John Day Caroline wrote: "Pam wrote: "Caroline wrote: "Pam wrote: "Well I added a few of these to my TBR, I hope I live long enough to read all the books I have LOL"

I know what you mean Pam !!"

I read three books at a ti..."

I wish someone would explain to me how anyone can meaningfully read more than one book at a time, for pleasure? The stories must be so boring or have little or no plot to them that it makes no difference if you lose the thread. What are these books you read?


message 44: by Toby (new)

Toby Wells Wow, this list will help me so much to complete 100 books a year challenge, thank you!


message 45: by Dana (new)

Dana Bb3LScFbVYAWQFEMpWnBoX68QIdmlDpFR97SJTFqNg0= wrote: "Pam wrote: "Well I added a few of these to my TBR, I hope I live long enough to read all the books I have LOL"The way I look at it is: If a book is on my list, it WILL one day get read. Therefore I..."

I LOVE your optimism :)


message 46: by McKayla (new)

McKayla Pam wrote: "Caroline wrote: "Pam wrote: "Well I added a few of these to my TBR, I hope I live long enough to read all the books I have LOL"
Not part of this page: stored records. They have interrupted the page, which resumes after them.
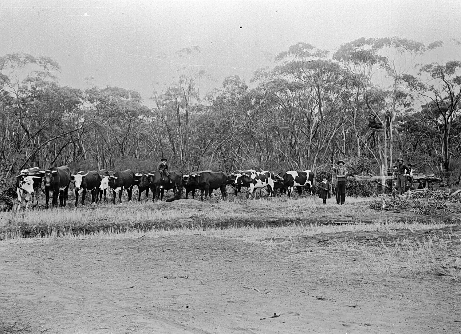 A team of bullocks and a Mallee roller on the Lascelles to Nyallo road. Three children accompany the adults.
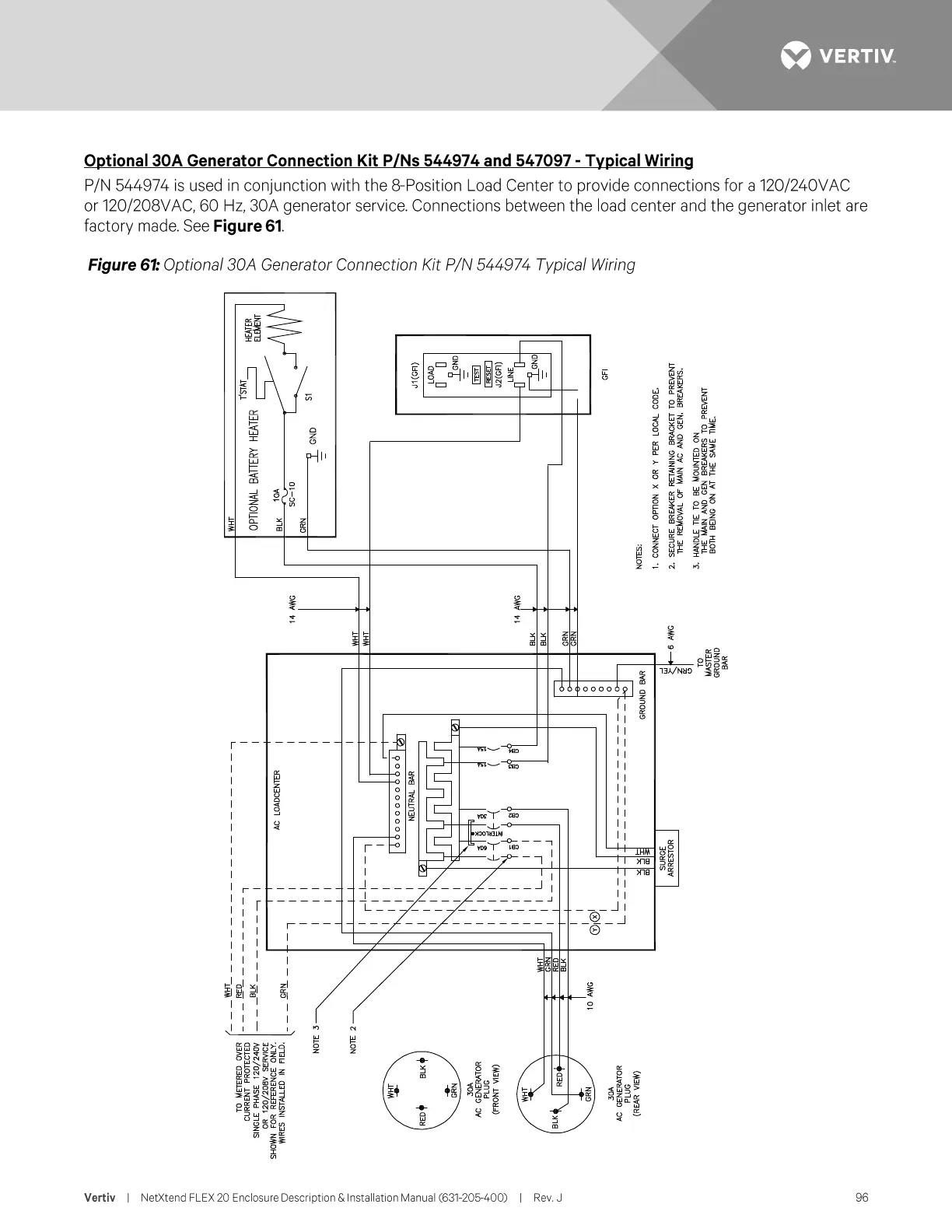 Vertiv NetXtend Flex 20 - Optional 30 A Generator Connection Kit P;Ns 544974 and 547097 - Typical Wiring
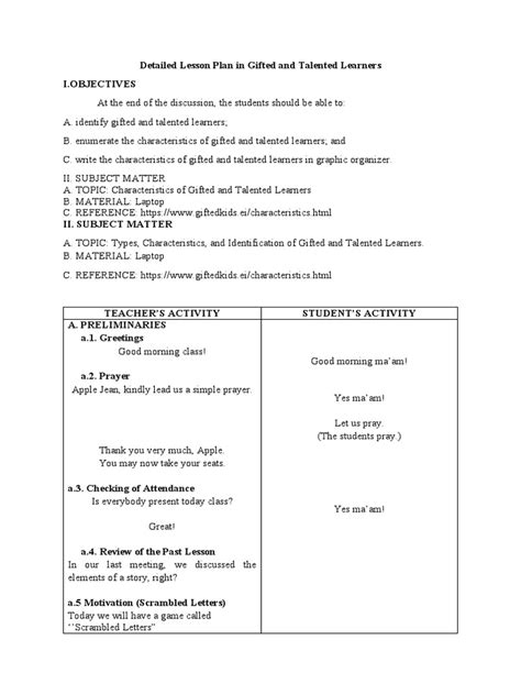 Download GIFTED AND TALENTED FIRST GRADE LESSON PLAN Doc Internet Archive
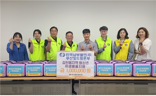 한국남부발전 부산빛드림본부 나눔빛 봉사단이 지난 17일, 지역 종합사회복지관과 협업해 발전소 인근 지역 취약계층 여성 청소년들에게 200만원 상당의 위생용품 및 파우치 세트를 지원했다.
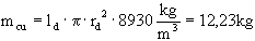 Eine Induktionsscheibe aus Bronze mit der Bezeichnung CuSn 6, Werkstoffnr. 2.1020 mit rCuSn=8,78·10-6 kg/mm² hat eine Masse von
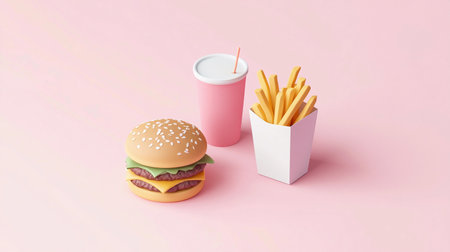 Whimsical burst of fast food items in a colorful scene, with burger, fries, and drink taking center stage.
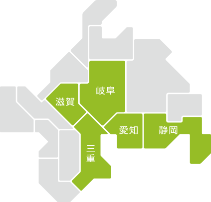 愛知県、三重県、岐阜県、静岡県、滋賀県
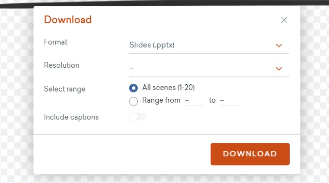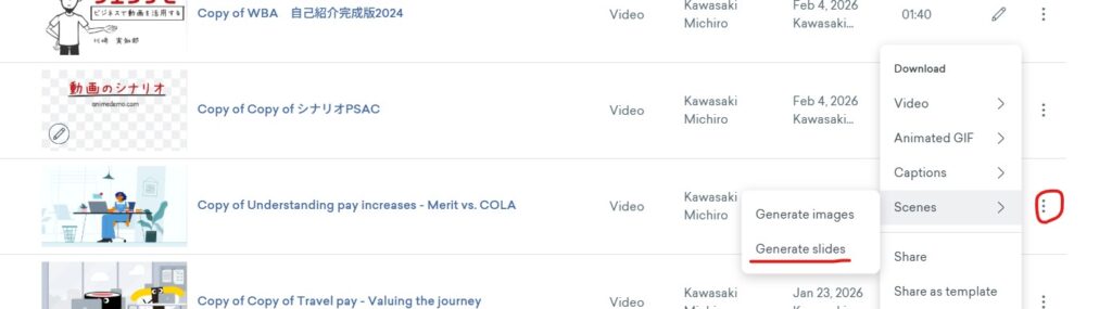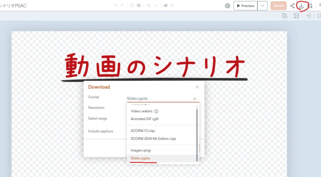 Enterprise・Agencyプランのみ、ダウンロードボタンをクリックして、「Slides(.pptx)を選択します。
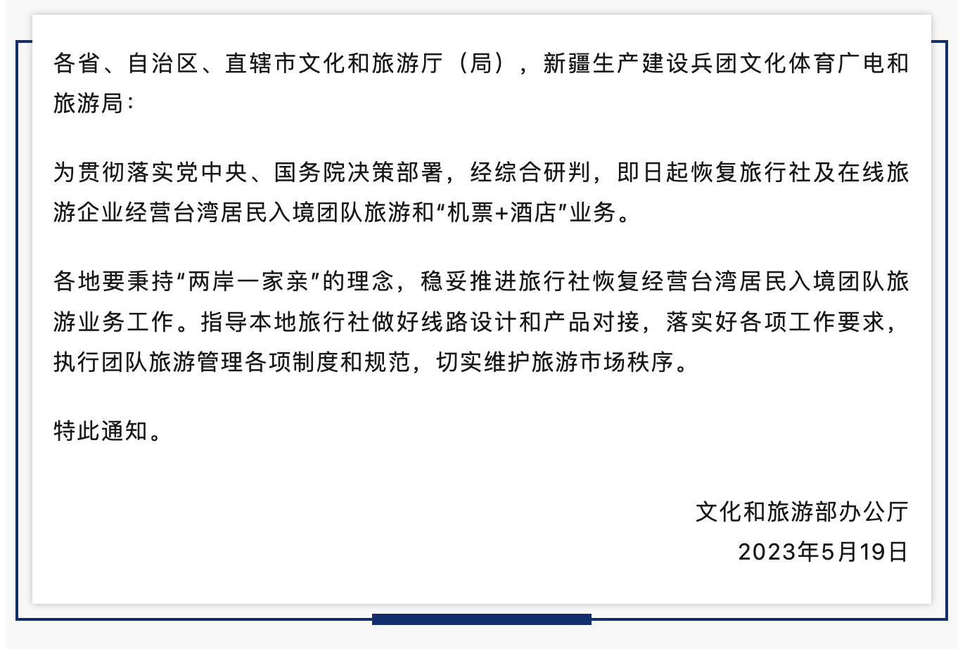 5月19日,文化和旅游部办公厅发布通知,即日起恢复旅行社及在线旅游企业经营台湾居民来大陆团队旅游和“机票+酒店”业务。
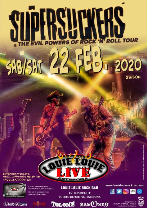 La mítica banda de Seattle compuesta por Eddie Spaghetti, ‘Metal’ Marty Chandler y ‘Captain’ Chris Von Streicher comienzan en Febrero la Gira «The Evil Powers of Rock n’ Roll Tour». Y el único directo en Andalucía será aquí, en Louie Louie Estepona, el garito más escandalosamente rockero al oeste del Guadalhorce.
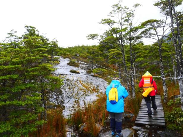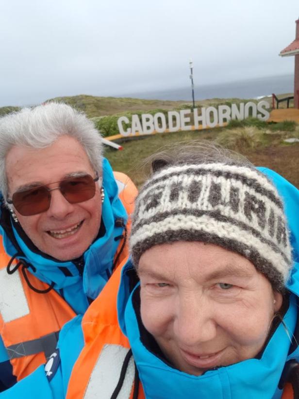 Après 2 heures de balade nous retournons au bateau pour prendre la direction du Cabo de Hornos (cap Horn) où nous débarquons à 17h30. Nous arrivons à marée basse ce qui nous permet d’aller à terre car ce matin à pleine mer, la houle était trop forte pour nous laisser débarquer en toute sécurité. Nous commençons par la montée d’environ 400m de falaise pour arriver sur le « plateau ».

I know what you mean Pam !!"

LOL I really need to read, I hope if I..."


Pam I'm only making it to heaven by the grace of Jesus, but I hope there's books there too!


message 47: by Pam (new)

Pam Carmichael McKayla wrote: "Pam wrote: "Caroline wrote: "Pam wrote: "Well I added a few of these to my TBR, I hope I live long enough to read all the books I have LOL"

I know what you mean Pam !!"

LOL I really need to read,..."

I'm right with you on Jesus, I sure need him always in my life!


message 48: by Simone (new)

Simone Pam wrote: "Well I added a few of these to my TBR, I hope I live long enough to read all the books I have LOL"
Yeah, I'm born with a to-read-list I'll never finish lmao. Currently, there are 459 books on it, and it's not finished yet...


message 49: by Pam (new)

Pam Carmichael Aww Simone me too, me too!! Everyday I want to buy more books but damn I will be reading into my 100's lol right lol


message 50: by Simone (new)

Simone You know the feeling you want to read soo fast because you want to finish your to-read-list but you don't want to read so fast because you don't want to end the book you're reading at the moment??